Jesus didn’t duck the cost imperative that is a constant factor concerning allegiance.  In the final analysis, whether we are truly loyal turns on whether and how much we are willing to sacrifice concerning something or someone.  Notice how Jesus turned the question on his interrogators.  They asked him “Is is lawful to pay taxes to the emperor, or not?”  They were talking about an exaction.  Jesus answered “Give … to Caesar the things that are Caesar’s, and to God the things that are God’s.”  Jesus was talking about making an offering!

It is hard to find people of faith who support the idea that taxes represent one of the ways loyal people offer their allegiance.  Few sermons are preached that illuminate us to see taxes as offering our money so roads can be paved, schools can be built, people can have access to health care regardless to wealth, air and water can be clean and protected from contamination and contaminators, and the vulnerable among us can be sheltered, protected, and lifted.  Many who claim to be followers of Jesus, who answered “Give …,” when it comes to government, appear to have lost our voices if not our minds about the inextricable relationship between allegiance and cost. 

I cannot leave my discourse with you without reminding you that we proclaim that God showed his allegiance to us—we call it love—by sending the Son into the world.  God offered the Son to the world.   It was not an exaction, but an offering, that God gave us.  And it was not an exaction, but an offering that Jesus presented at Calvary.   At Calvary, Jesus offered Caesar and God what only Jesus could offer—his life.  In Jesus, God shows us that allegiance to power always carry a cost. 

The issue is whether we view the cost as an exaction or an offering.  An exaction is what someone more powerful takes from us, but an offering is what we give using our power to convey or withhold.

  • At Calvary, the Roman government thought it was imposing a punishment.  In Jesus, God made an offering through the power of love. 
  • At Calvary, the enemies of Jesus thought they were silencing a popular preacher and ending the challenge of his message about God’s love to their power.  But in Jesus, God revealed the power of love that offers itself. 
  • In Jesus, God offered power in sacrifice. 
  • In Jesus, God offered power in peace-making despite being surrounded and the instruments of war. 
  • In Jesus, God offered power without regard to class, privilege, ancestry, social status, or religious standing. 
  • In Jesus, God offered life to us with the power to confront the Caesars of our time and place no matter what form they take or name is assigned to them. 
  • And in Jesus, God calls us to be transformed by divine power to offer ourselves as agents of love, joy, peace, generosity, kindness, patience, faithfulness, and justice in a world of Caesars.

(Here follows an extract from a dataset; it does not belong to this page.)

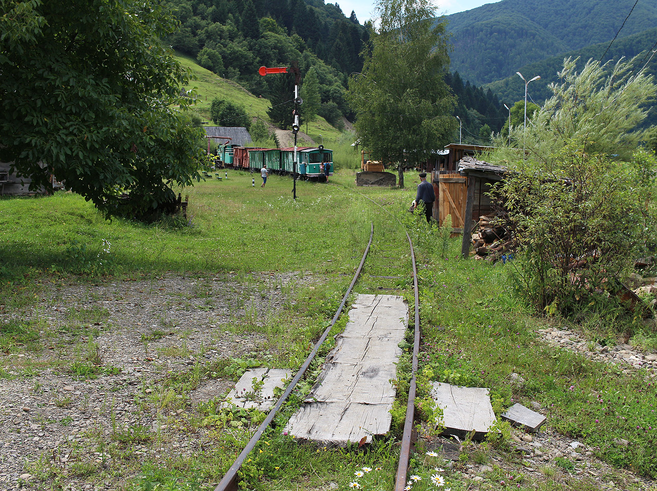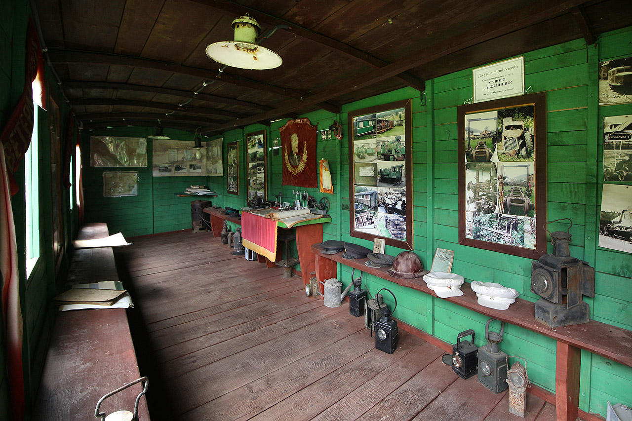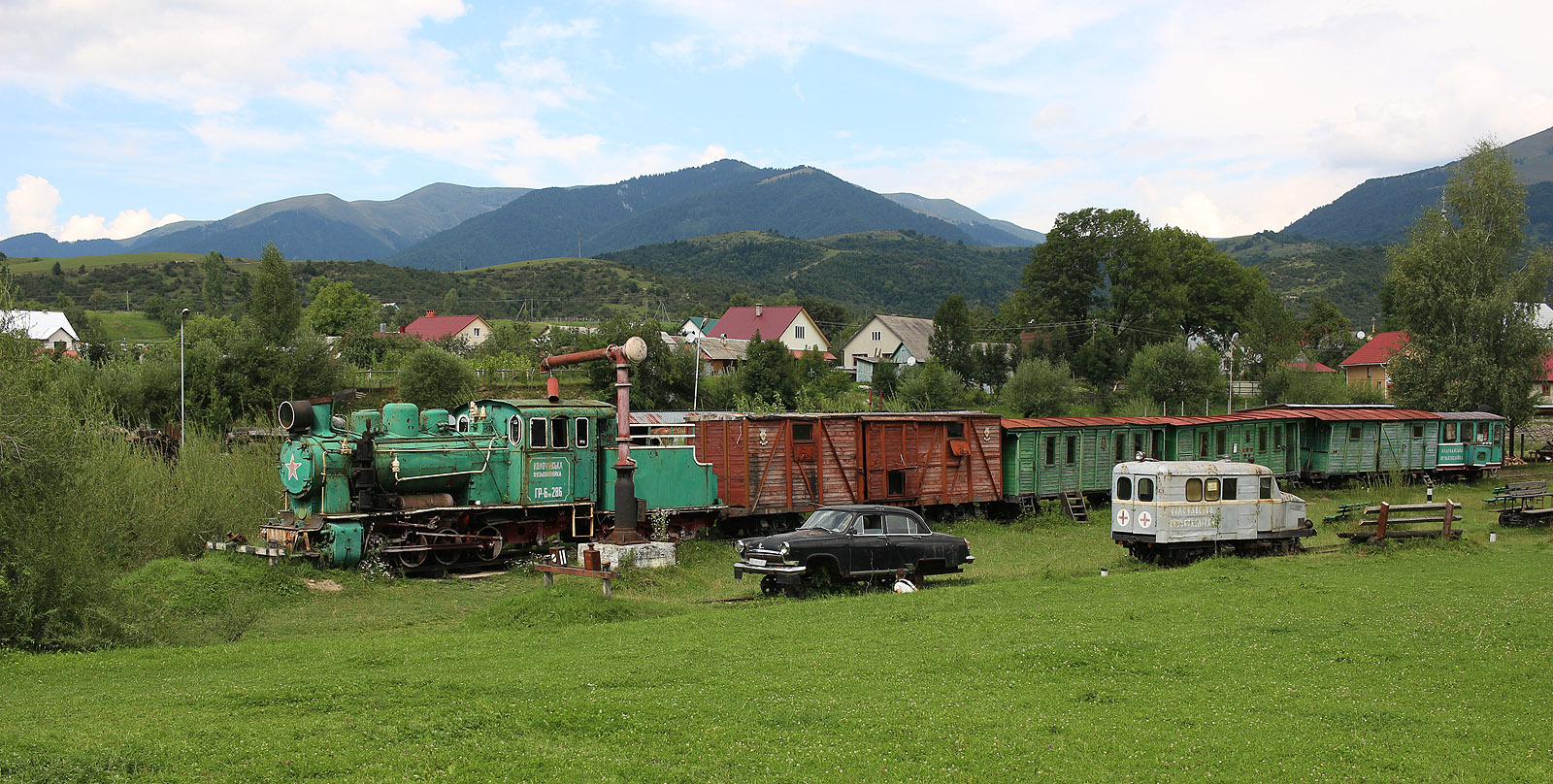 Na úzkorozchodce se nachází vozidla z několika zakarpatských tratí sovětské, mašdarské a československé provenience (díky kompatibilitě bosenského rozchodu 760 mm, používaného v dobách Československa, se sovětským rozchodem 750 mm jsou všechny exponáty na stejné koleji). Zřejmě nejzajímavějším strojem je parní lokomotiva z lokomotivky Karla Marxe (dříve Orenstein & Koppel) v německém Babelsberg z roku 1951, převezená sem původně z Chmilniku na Boržavské úzkorozchodce, kde chátrala od roku 1973; motorová drezína z osobní Volhy GAZ-21 nebo sanitní drezína СМД-1.
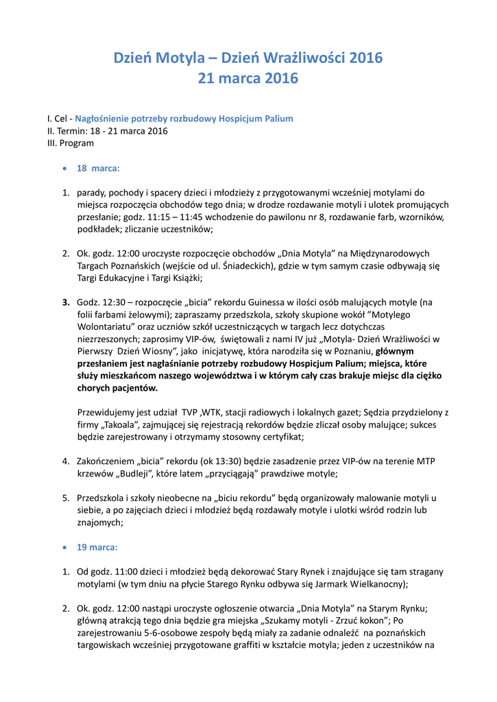 Dzień Motyla – Dzień Wrażliwości 2016 21 marca 2016 I. Cel - Nagłośnienie potrzeby rozbudowy Hospicjum Palium II. Termin: 18 - 21 marca 2016 III. Program 18 marca: 1. parady, pochody i spacery dzieci i młodzieży z przygotowanymi wcześniej motylami do miejsca rozpoczęcia obchodów tego dnia; w drodze rozdawanie motyli i ulotek promujących przesłanie; godz. 11:15 – 11:45 wchodzenie do pawilonu nr 8, rozdawanie farb, wzorników, podkładek; zliczanie uczestników; 2. Ok. godz. 12:00 uroczyste rozpoczęcie obchodów „Dnia Motyla” na Międzynarodowych Targach Poznańskich (wejście od ul. Śniadeckich), gdzie w tym samym czasie odbywają się Targi Edukacyjne i Targi Książki; 3. Godz. 12:30 – rozpoczęcie „bicia” rekordu Guinessa w ilości osób malujących motyle (na folii farbami żelowymi); zapraszamy przedszkola, szkoły skupione wokół ”Motylego Wolontariatu” oraz uczniów szkół uczestniczących w targach lecz dotychczas niezrzeszonych; zaprosimy VIP-ów, świętowali z nami IV już „Motyla- Dzień Wrażliwości w Pierwszy Dzień Wiosny”, jako inicjatywę, która narodziła się w Poznaniu, głównym przesłaniem jest nagłaśnianie potrzeby rozbudowy Hospicjum Palium; miejsca, które służy mieszkańcom naszego województwa i w którym cały czas brakuje miejsc dla ciężko chorych pacjentów. Przewidujemy jest udział TVP ,WTK, stacji radiowych i lokalnych gazet; Sędzia przydzielony z firmy „Takoala”, zajmującej się rejestracją rekordów będzie zliczał osoby malujące; sukces będzie zarejestrowany i otrzymamy stosowny certyfikat; 4. Zakończeniem „bicia” rekordu (ok 13:30) będzie zasadzenie przez VIP-ów na terenie MTP krzewów „Budleji”, które latem „przyciągają” prawdziwe motyle; 5. Przedszkola i szkoły nieobecne na „biciu rekordu” będą organizowały malowanie motyli u siebie, a po zajęciach dzieci i młodzież będą rozdawały motyle i ulotki wśród rodzin lub znajomych; 19 marca: 1. Od godz. 11:00 dzieci i młodzież będą dekorować Stary Rynek i znajdujące się tam stragany motylami (w tym dniu na płycie Starego Rynku odbywa się Jarmark Wielkanocny); 2. Ok. godz. 12:00 nastąpi uroczyste ogłoszenie otwarcia „Dnia Motyla” na Starym Rynku; główną atrakcją tego dnia będzie gra miejska „Szukamy motyli - Zrzuć kokon”; Po zarejestrowaniu 5-6-osobowe zespoły będą miały za zadanie odnaleźć na poznańskich targowiskach wcześniej przygotowane graffiti w kształcie motyla; jeden z uczestników na dowód odnalezienia musi zrobić sobie na jego tle zdjęcie; w trakcie gry rozdajemy motyle i informujemy przechodniów o celu naszego działania; po przejściu całej trasy zgłaszają się na Stary Rynek, gdzie czeka nagroda; 3. Zakończenie wydarzenia ok. godz. 15:00. 21 marca: 1. Do południa pogadanki w szkołach nt. wrażliwości, pomagania osobom chorym, szans i możliwości, jakie daje wolontariat; „Dzień Motyla”- co i dlaczego? ( można jeszcze zapraszać wolontariuszy z Hospicjum na takie spotkania); 2. Godz. 18:00 w CK Zamek „Bajkowisko” - impreza charytatywna organizowana po raz trzeci dla Hospicjum Palium przez Lions Club New Design a przeznaczona dla dzieci z różnych środowisk, m.in. domów dziecka, dla dzieci będących pod opieką Hospicjum, dla dzieci z zespołem Downa, itd.; wyjątkowe wydarzenie przyciągające tłumy młodych i starszych Poznaniaków (to również promocja czytelnictwa). IV. Organizator: Polskie Towarzystwo Opieki Paliatywnej Oddział w Poznaniu V. Współorganizatorzy: „Targowiska” Spółka z o.o. i Międzynarodowe Targi Poznańskie Uwaga: Zeszłoroczna edycja „Dnia Motyla” poświęcona nagłośnieniu potrzeby wsparcia dzieci osieroconych przyniosła efekty w postaci m.in. konferencji organizowanej przez Kuratorium i Polskie Towarzystwo Opieki Paliatywnej Oddział w Poznaniu pod nazwą „Jak pomóc dziecku po stracie bliskiej osoby?”. Pomogła także stworzyć w Hospicjum specjalny pokój, służący do prowadzenia terapii z tymi dziećmi oraz przygotować program psychoterapeutyczny i program rozwoju kreatywności dla dzieci po stracie bliskiej osoby, które już w kwietniu będą realizowane właśnie w tym nowym miejscu. Opracowała: Barbara Grochal- koordynator wolontariuszy Hospicjum Palium

In Jesus, God calls us to offer ourselves as agents of divine love who will not shrink to “loaded question” kind of living.  God calls us to live as ambassadors of that divine power to the world.  Have we heard that call? 

If so, let us live it by embracing its implications and fulfilling its duties with every breath and heartbeat.  Let us live as people who know that whatever the Caesars of our time and place may claim, the universe and all within in it belong to God, not to any Caesar. 

Live, my sisters and brothers, as God’s people.  Live as God’s emissaries.  Live in God’s redeeming power.  Let’s offer ourselves to fulfill God’ wonderful purposes.  In obedience to the life and example of Jesus and thru the power of the Holy Spirit, give the Caesars of our time and place what belongs to them, always alert and faithful to fulfill our calling as God’s people. 

Then people will not just know Jesus was talking about power.  They’ll know we’ve been listening.  Amen.